Linguistic and cultural comparisons indicate that the first humans on Easter Island arrived from the west, most likely from the Marquesas Islands or Mangareva, as part of a greater migratory process which spread Polynesian culture throughout the South Pacific. However, the 12 centuries that elapsed between the arrival of the first intrepid settlers near 500 A.D. and the European discovery of the island in 1722 by the Dutch admiral Jacob Roggeveen are among the world's great mysteries.  

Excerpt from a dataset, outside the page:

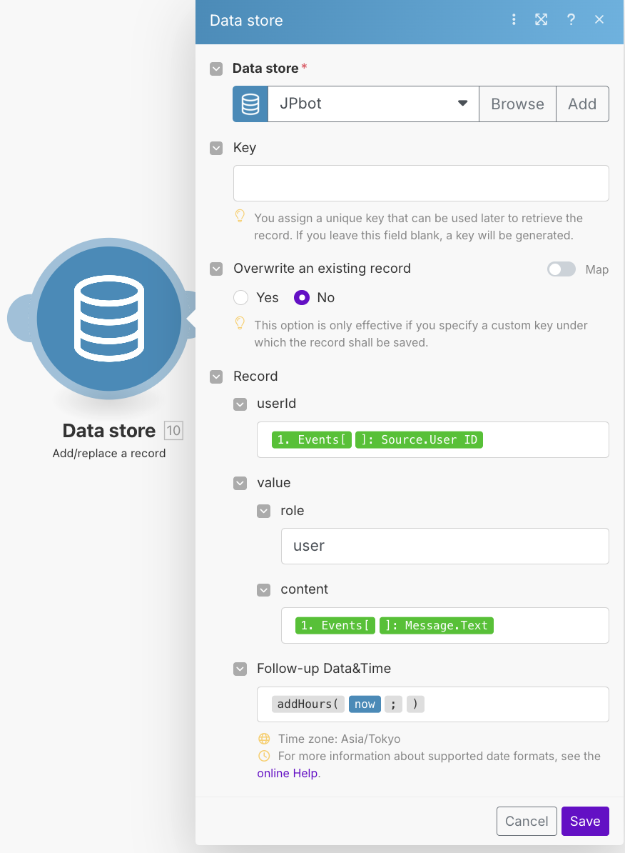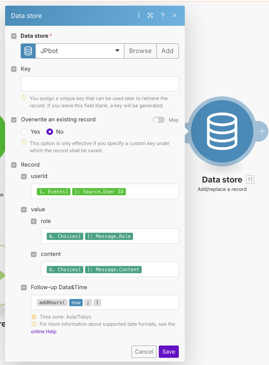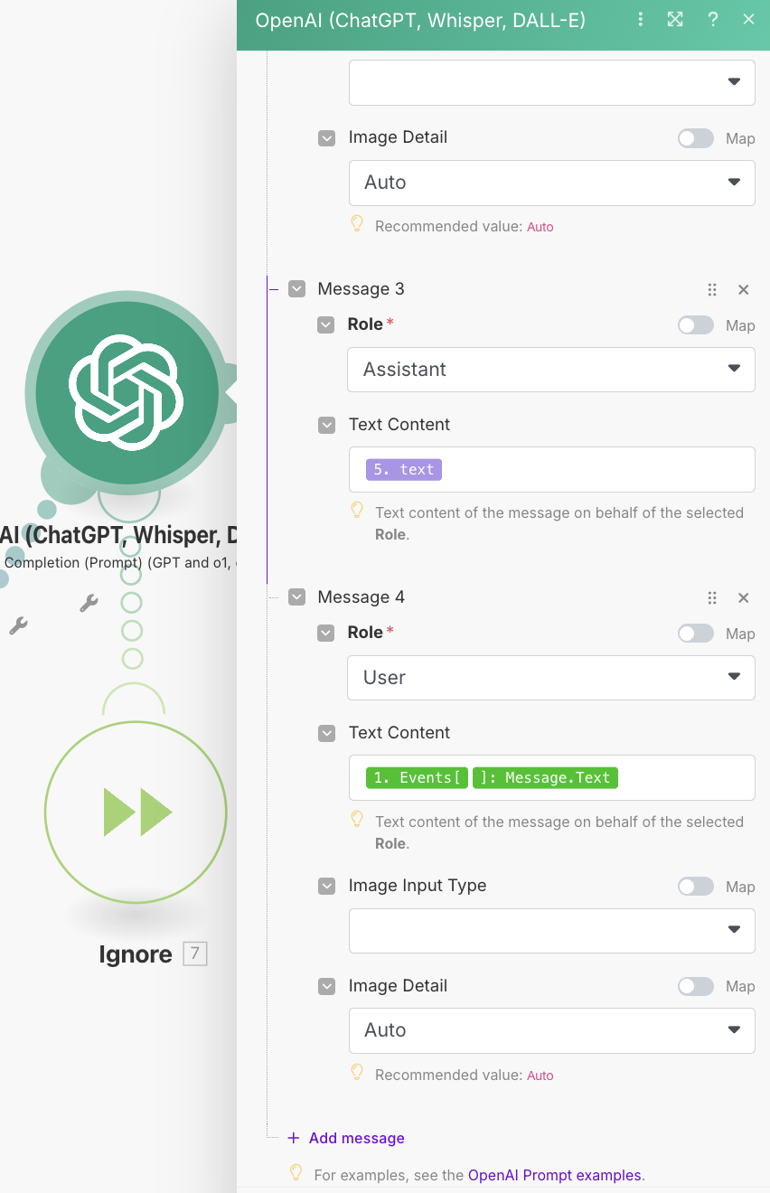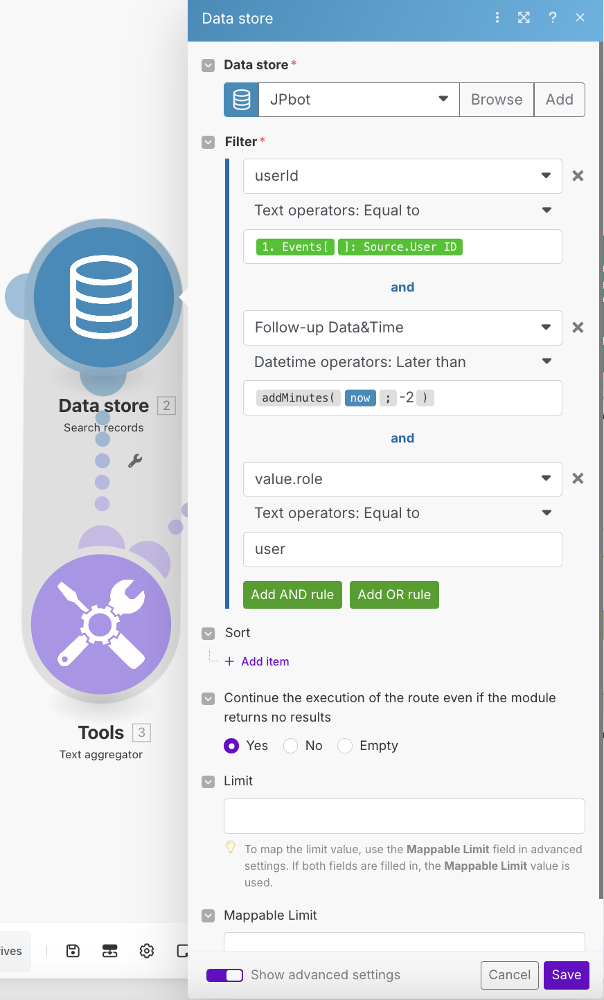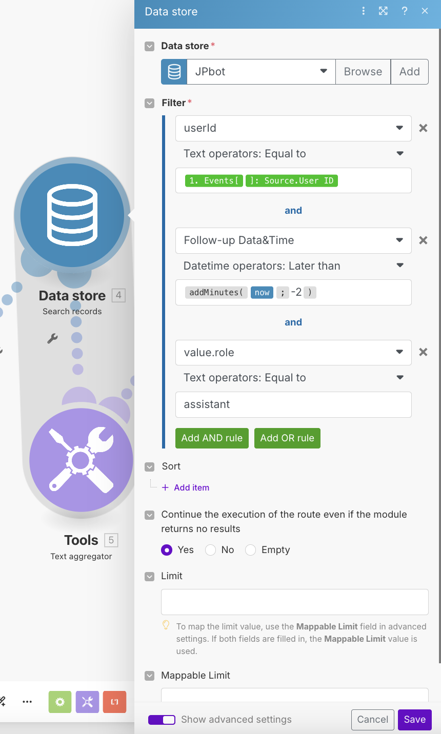 - Second Data Store: Retrieves the chatbot’s (assistant’s) reply history within the last

European sailors visiting the island found that the natives could not explain the construction and transport of the great moai megaliths, the largest of which exceeds 60 feet in height. Nor could they decipher the rongo rongo tablets whose hieroglyphic script appears to be a forgotten form of written language. Somewhere in the past – a past that seems to have seesawed from ancestor worship, monument building and population growth, to deforestation and food shortages, feuding and in some cases even cannibalism – the old knowledge had been lost. It is the mystery of these disappeared artisans, and the awesome presence of their works, which continues to draw scientists and seekers from across the globe.  

Today, Rapa Nui National Park protects most of the island's archaeological sites, and the native todomiro forests that once graced the island are being replanted. Opportunities for hiking, mountain biking, and horseback riding abound on the island, while a rich marine ecosystem of corals and colorful tropical fish makes Easter Island a prime destination for scuba diving and snorkeling.